• EXERCISE: Take the lines from the one containing "Funda de Cuero" through the final line below and restate them exactly. Omit the pictures.

MATERIAL PROVIDED START

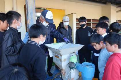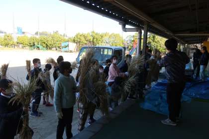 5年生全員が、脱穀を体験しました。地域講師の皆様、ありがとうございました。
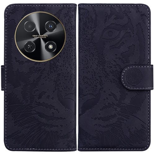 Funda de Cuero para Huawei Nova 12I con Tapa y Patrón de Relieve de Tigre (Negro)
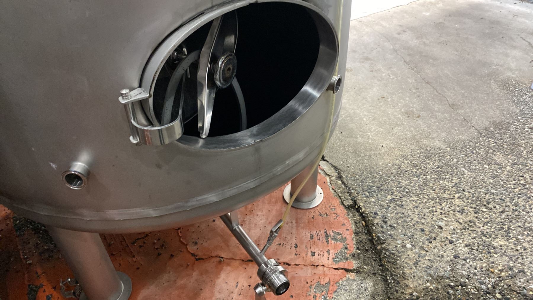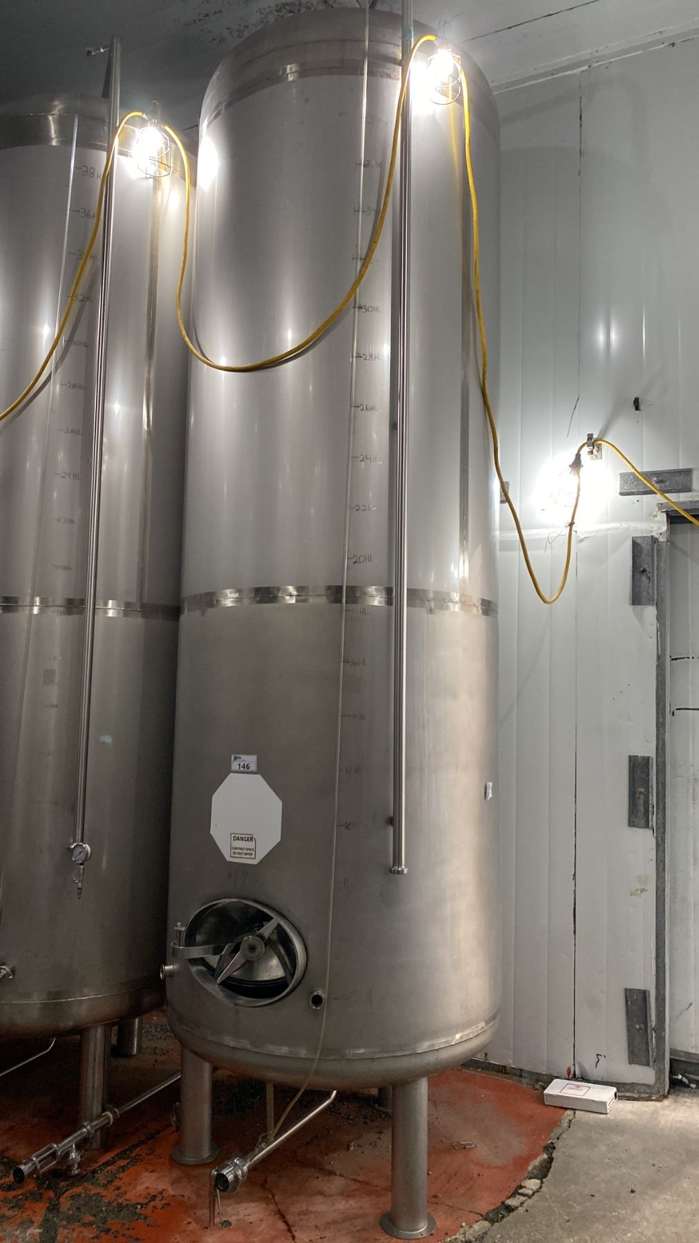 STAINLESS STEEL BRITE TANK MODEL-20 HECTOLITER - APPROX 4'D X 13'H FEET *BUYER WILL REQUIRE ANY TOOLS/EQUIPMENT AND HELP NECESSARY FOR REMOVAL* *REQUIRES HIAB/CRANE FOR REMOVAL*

MATERIAL PROVIDED END

• RESPONSE TO THIS EXERCISE:
 Funda de Cuero para Huawei Nova 12I con Tapa y Patrón de Relieve de Tigre (Negro)
 STAINLESS STEEL BRITE TANK MODEL-20 HECTOLITER - APPROX 4'D X 13'H FEET *BUYER WILL REQUIRE ANY TOOLS/EQUIPMENT AND HELP NECESSARY FOR REMOVAL* *REQUIRES HIAB/CRANE FOR REMOVAL*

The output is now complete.